The following interfaces are currently being used by the rtld-debugger interface:

ps_err_e ps_pauxv(const struct ps_prochandle * ph, auxv_t ** aux);

ps_pauxv(): This function returns a pointer to a copy of the auxv vector. As the auxv vector information is copied to an allocated structure, the life time of this pointer is as long as the prochandle is valid.

ps_err_e ps_pread(const struct ps_prochandle * ph, paddr_t addr,
        char * buf, int size);

ps_pread(): This function reads size bytes from the target process at address addr and copies them into buf.

ps_err_e ps_pwrite(const struct ps_prochandle * ph, paddr_t addr,
          char * buf, int size);

ps_pwrite(): This function writes size bytes from buf into the target process at address addr.

void ps_plog(const char * fmt, ...);

ps_plog(): This function is called with additional diagnostic information from the rtld-debugger interface. It is up to the controlling process to decide where (or if) to log this diagnostic information. The arguments to ps_plog() follow the printf(3S) format.

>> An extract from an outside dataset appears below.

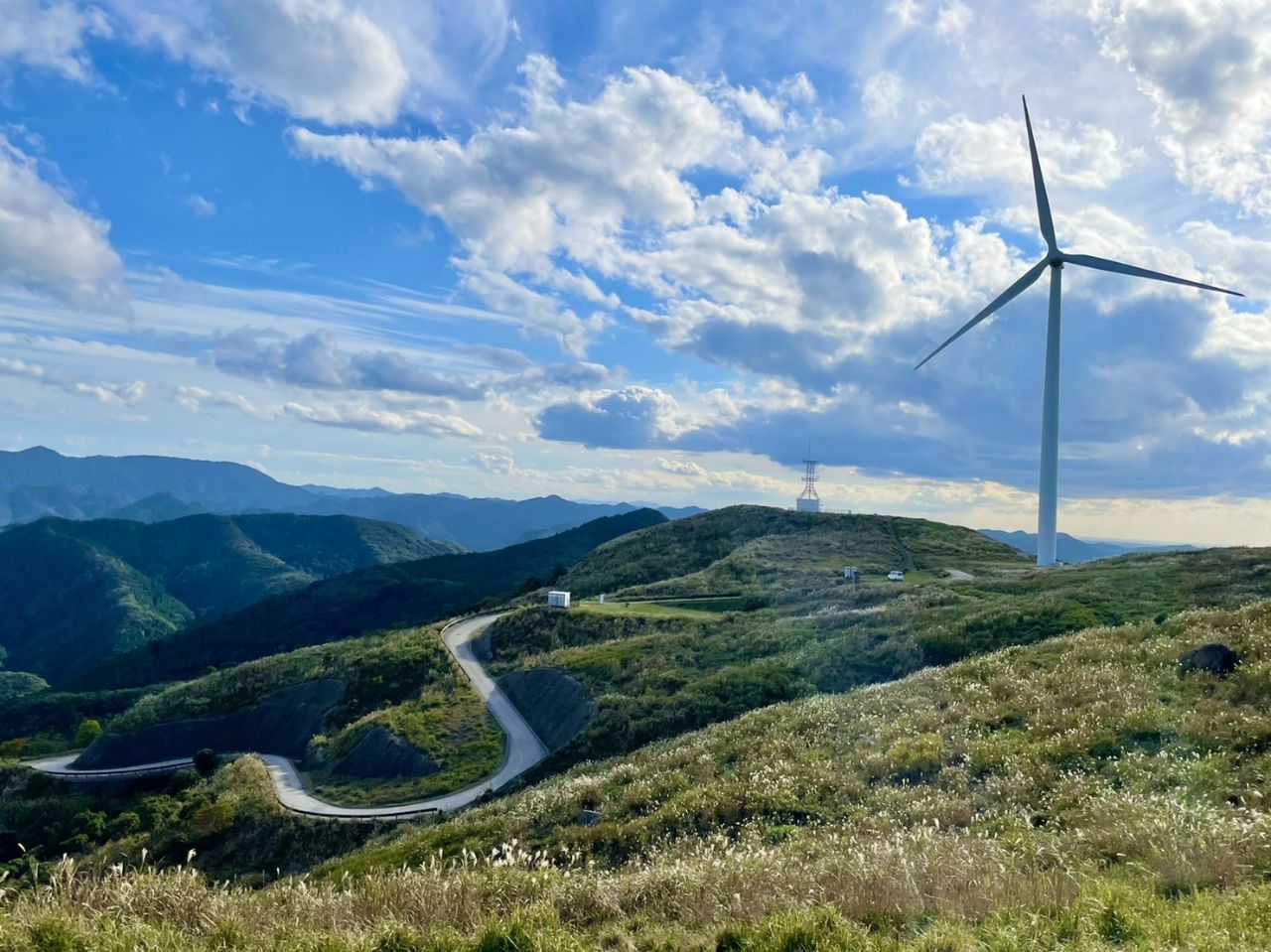 標高287mの山。山を登っていくと大きな風車があり、写真映え間違いなし! 千俵蒔の名前の由来は、昔野焼きが行われて山全体が草に覆われており、麦やソバの種を千俵ほども蒔ける広大な山であるということから、この名前がついたと言われています。
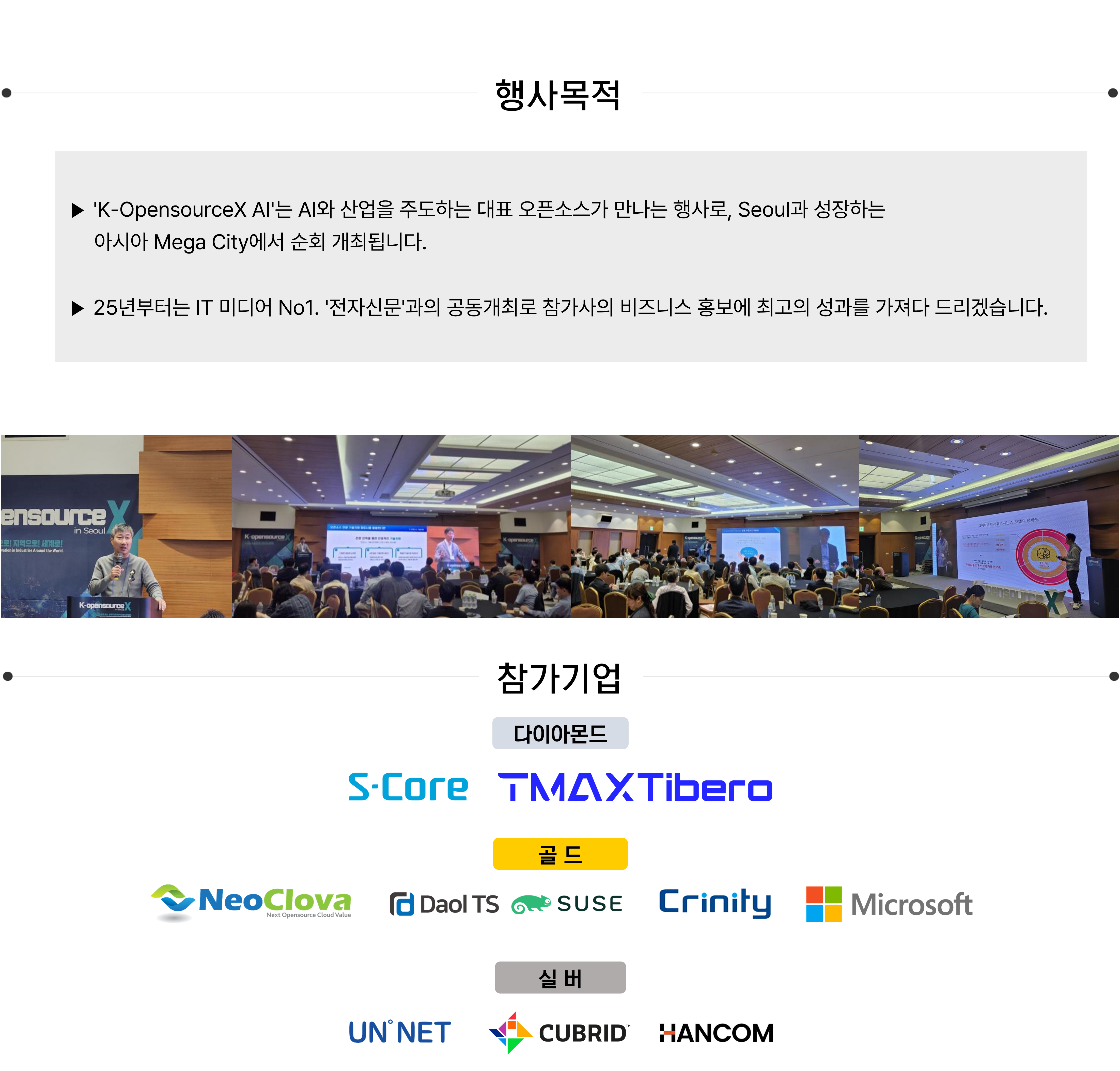| 오픈소스 AI시대!, AI, Data, Infra, SW 대표기업의 기술과 비즈니스 전략을 직접 만난다. | |

ps_err_e ps_pglobal_lookup(const struct ps_prochandle * ph,
        const char * obj, const char * name, ulong_t * sym_addr);

ps_pglobal_lookup(): This function searches for the symbol named name within the object named obj within the target process ph. If the symbol is found address of the symbol is stored in sym_addr.

ps_err_e ps_pglobal_sym(const struct ps_prochandle * ph,
        const char * obj, const char * name, ps_sym_t * sym);

ps_pglobal_sym()

This function searches for the symbol named name within the object named obj within the target process ph. If the symbol is found, the descriptor sym is filled in.

In the event that the rtld-debugger interface needs to find symbols within the application or runtime linker prior to any link-map creation, the following reserved values for obj are available:

#define PS_OBJ_EXEC ((const char *)0x0)  /* application id */
#define PS_OBJ_LDSO ((const char *)0x1)  /* runtime linker id */

One mechanism the controlling process can use to find the symbol table for these objects is through the procfs file system using the following pseudo code:

ioctl(.., PIOCNAUXV, ...)       - obtain AUX vectors
ldsoaddr = auxv[AT_BASE];
ldsofd = ioctl(..., PIOCOPENM, &ldsoaddr);
 
/* process elf information found in ldsofd ... */
 
execfd = ioctl(.., PIOCOPENM, 0);
 
/* process elf information found in execfd ... */

Once the file descriptors are found, the ELF files can be examined for their symbol information by the controlling program.